The AAT ruled that because the taxpayer had not specifically raised the disclaimer issue in her grounds of objection, it would not be permissible to raise it in the application before the AAT. In arriving at its decision, the AAT also noted that, among other things, the relevant parties had had the benefit of the distributions, there was a significant passage of time between the distributions and the making of the disclaimer, and the taxpayer's husband (who managed the affairs of the trusts) could have arranged for the otherwise "retrospective" disclaimers to be made before the amended assessments had issued. Furthermore, the AAT found that it would not be in the interests of justice to give the taxpayer leave to extend the grounds of her objection, given that the objection never touched on the issue of disclaimer.

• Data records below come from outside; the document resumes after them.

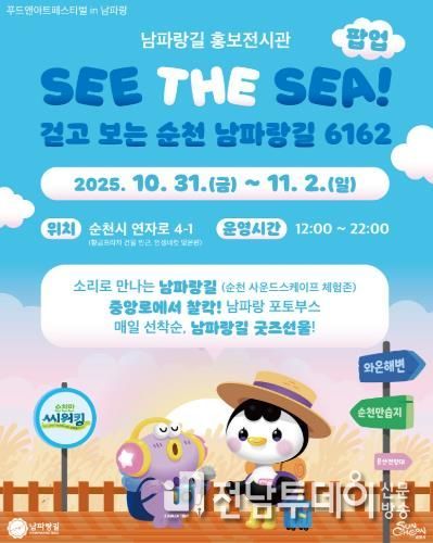 전남투데이 조평훈 기자 | 순천시는 푸드앤아트페스티벌이 열리는 중앙로 일대에 남파랑길 홍보 전시관을 운영해 순천의 바다와 길을 ‘소리’로 만나는 감각적인 공간을 마련한다고 밝혔다.
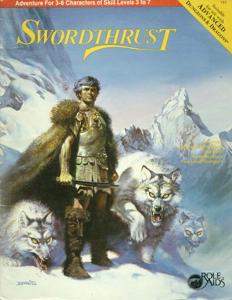 Item Code: #715 Title: Swordthrust Type: Adventure For: 3-6 characters, levels 3-7 Author: Sam Shirley and Daniel Greenberg Published: 1984 Format: 40-page book |
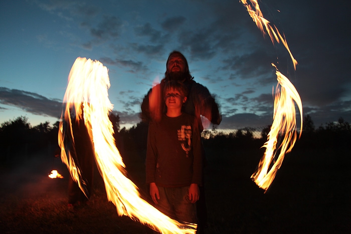 Дав команду развести костер, волонтеры слишком поздно осознали, что в отсутствии контроля за процессом, пошла в ход серьезная часть дровника. Ну ладно, гулять, так гулять. На фоне костра дети вошли в транс и утихли. Погода, закат — все как по заказу. Татьяна, Эдуард и Соня играли на флейте, волынке и бубне, подготавливая аудиторию к главному действу – файер-шоу. Люди из театра огня Ignis Fatuus кроме укрощения этого самого огня проявили феноменальные успехи в покорении еще одной опасной стихии — орущей и расторможенной толпы детей.
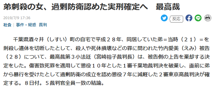 一审判决她存在伤害致人死亡罪行,判处10年有期徒刑。竹内爱美不服上诉,2019年,最高法院认为她存在防卫过当行为,刑期被改为有期徒刑7年。
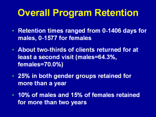 | Retention times were found to range from 0 to 1406 days among males, and up to 1577 days among females. About two-thirds of both male and female clients had at least two visits, and a quarter were retained for more than a year. 10% of males and 15% of females were retained for more than two years. |
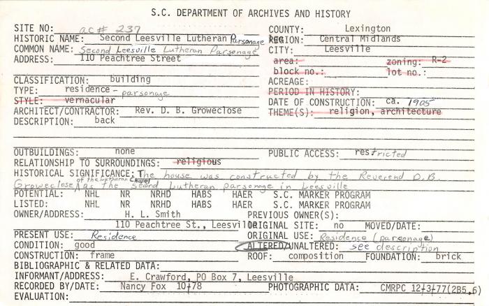 Second Leesville Lutheran Personage

Validity of Archer trust resolution

The AAT concluded that the resolution made by the Archer trust to distribute the "income" of the trust to the taxpayer was not an invalid exercise of its power merely because it referred to "income" and not "net income" of the trust. Likewise, the AAT found that leave should not be granted to the taxpayer to expand the grounds of her objection to include that the Archer resolution was ineffective to distribute income to her. This was because the AAT said that the Commissioner would be "prejudiced" by such leave – he could have instead issued an assessment to Archer, making it liable for the tax on the trust income under s 99A of the Income Tax Assessment Act 1936 (ITAA 1936).

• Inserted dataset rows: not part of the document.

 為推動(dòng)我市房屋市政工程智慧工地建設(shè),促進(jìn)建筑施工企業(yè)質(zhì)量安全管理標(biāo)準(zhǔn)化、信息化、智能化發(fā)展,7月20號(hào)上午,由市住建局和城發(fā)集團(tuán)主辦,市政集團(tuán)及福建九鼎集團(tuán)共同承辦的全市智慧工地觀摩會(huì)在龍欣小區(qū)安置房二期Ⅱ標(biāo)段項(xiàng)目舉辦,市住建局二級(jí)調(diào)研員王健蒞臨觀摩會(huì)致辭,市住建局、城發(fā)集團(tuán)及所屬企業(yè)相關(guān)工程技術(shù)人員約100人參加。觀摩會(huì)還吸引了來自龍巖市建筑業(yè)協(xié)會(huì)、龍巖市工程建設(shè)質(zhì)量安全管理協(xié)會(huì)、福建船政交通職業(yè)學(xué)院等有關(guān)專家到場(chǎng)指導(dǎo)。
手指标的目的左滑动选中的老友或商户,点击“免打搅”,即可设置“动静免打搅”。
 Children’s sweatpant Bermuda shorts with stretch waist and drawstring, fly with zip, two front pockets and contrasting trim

Validity of the default resolutions

The AAT also found that the "default" resolutions were not effective because neither they nor the "initial" resolutions were technically subject to a "contingency". The initial resolutions clearly intended, and had the effect of, making the taxpayer entitled (both in "interest" and "possession") to the whole of the income of the trusts – which, furthermore, was the "practical effect" of the resolutions. In addition, the AAT noted that the effect of the initial resolutions meant there was nothing left to be distributed under the default resolutions.

Assessments out of time

The AAT found that the amended assessments had not been issued to the taxpayer out of time as she had, in terms of s 170(7), item 4 of the ITAA 1936, consented to a relevant extension to the limitation period. She had done so in response to the Commissioner's request for such an extension, which was made during the audit process involving the taxpayer's tax affairs.

Carried-forward losses

The AAT confirmed that the carried-forward losses had been correctly denied by the Commissioner. This was because the evidence indicated that deductions had been appropriately reduced for the amounts "actually incurred" in the relevant year by Archer in respect of the purchase of property by the syndicate, and for which it was claiming a deduction for its share of the outgoings as a syndicate member.

SIC remission

Finally, the AAT found that there was no grounds for further remission of the SIC imposed by the Commissioner. In doing so, it dismissed the taxpayer's arguments that she was unaware of the trust distributions or of the trusts themselves. The AAT noted that she had placed entire responsibility for her taxation and financial affairs on her husband, who was also her tax agent.